Actual earnings may differ materially from estimates because of the risks and uncertainties related to the COVID-19 pandemic and the timing and magnitude of interest rate hikes.

Current Market Price Above the Year-End Target Price

ServisFirst Bancshares is offering a dividend yield of 1.05% at the current quarterly dividend of $0.23 per share. The earnings and dividend estimates suggest a payout ratio of 21.6% for 2022, which is close to the five-year average of 19.6%. Therefore, I’m not expecting an increase in the dividend level in the remainder of 2022.

I’m using the historical price-to-tangible book (“P/TB”) and price-to-earnings (“P/E”) multiples to value ServisFirst. The stock has traded at an average P/TB ratio of 2.88x in the past, as shown below.

FY17 FY18 FY19 FY20 FY21 Average
T. Book Value per Share ($) 10.9 12.9 15.3 18.0 18.7
Average Market Price ($) 38.0 40.8 33.9 35.7 67.4
Historical P/TB 3.47x 3.16x 2.21x 1.98x 3.61x 2.88x
Source: Company Financials, Yahoo Finance, Author’s Estimates

Multiplying the average P/TB multiple with the forecast tangible book value per share of $23.80 gives a target price of $68.60 for the end of 2022. This price target implies a 21.5% downside from the April 19 closing price. The following table shows the sensitivity of the target price to the P/TB ratio.
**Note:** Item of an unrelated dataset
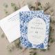 Celebrate your union with elegance and serenity through our “Azure Blooms” collection—where vibrant blue toile patterns meet refined design to bring your wedding vision to life. This collection features an elegant style with a cohesive blue toile floral theme, perfect for weddings. The artwork is characterized by intricate botanical designs in varying shades of blue and white, creating a sophisticated and timeless look. Recurring motifs include lush flowers and foliage, which adorn various items such as invitations, tableware, wine labels, menus, and thank you cards. These elements are meticulously arranged to evoke a sense of romance and refinement. The versatility of the design allows it to be applied across multiple product types, ensuring a harmonious aesthetic throughout the wedding celebration.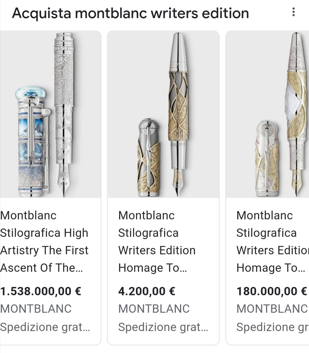 E comunque quando ero al liceo (il secolo scorso) la marca più famosa e prestigiosa era la Parker, non la Montblanc, le mode cambiano.

P/TB Multiple 2.68x 2.78x 2.88x 2.98x 3.08x
TBVPS – Dec 2022 ($) 23.8 23.8 23.8 23.8 23.8
Target Price ($) 63.8 66.2 68.6 70.9 73.3
Market Price ($) 87.3 87.3 87.3 87.3 87.3
Upside/(Downside) (26.9)% (24.2)% (21.5)% (18.7)% (16.0)%
Source: Author’s Estimates

The stock has traded at an average P/E ratio of around 15.9x in the past, as shown below.

FY17 FY18 FY19 FY20 FY21 Average
Earnings per Share ($) 1.72 2.53 2.76 3.13 3.82
Average Market Price ($) 38.0 40.8 33.9 35.7 67.4
Historical P/E 22.1x 16.1x 12.3x 11.4x 17.7x 15.9x
Source: Company Financials, Yahoo Finance, Author’s Estimates

Multiplying the average P/E multiple with the forecast earnings per share of $4.27 gives a target price of $67.90 for the end of 2022. This price target implies a 22.2% downside from the April 19 closing price. The following table shows the sensitivity of the target price to the P/E ratio.

P/E Multiple 13.9x 14.9x 15.9x 16.9x 17.9x
EPS – 2022 ($) 4.27 4.27 4.27 4.27 4.27
Target Price ($) 59.4 63.6 67.9 72.2 76.4
Market Price ($) 87.3 87.3 87.3 87.3 87.3
Upside/(Downside) (32.0)% (27.1)% (22.2)% (17.3)% (12.5)%
Source: Author’s Estimates

Equally weighting the target prices from the two valuation methods gives a combined target price of $68.20, which implies a 21.8% downside from the current market price. Adding the forward dividend yield gives a total expected return of negative 20.8%.

Although the total expected return justifies a sell rating, such a rating is inappropriate for ServisFirst given the outlook of a strong balance sheet and net income growth. Therefore, I’m maintaining a hold rating on ServisFirst Bancshares.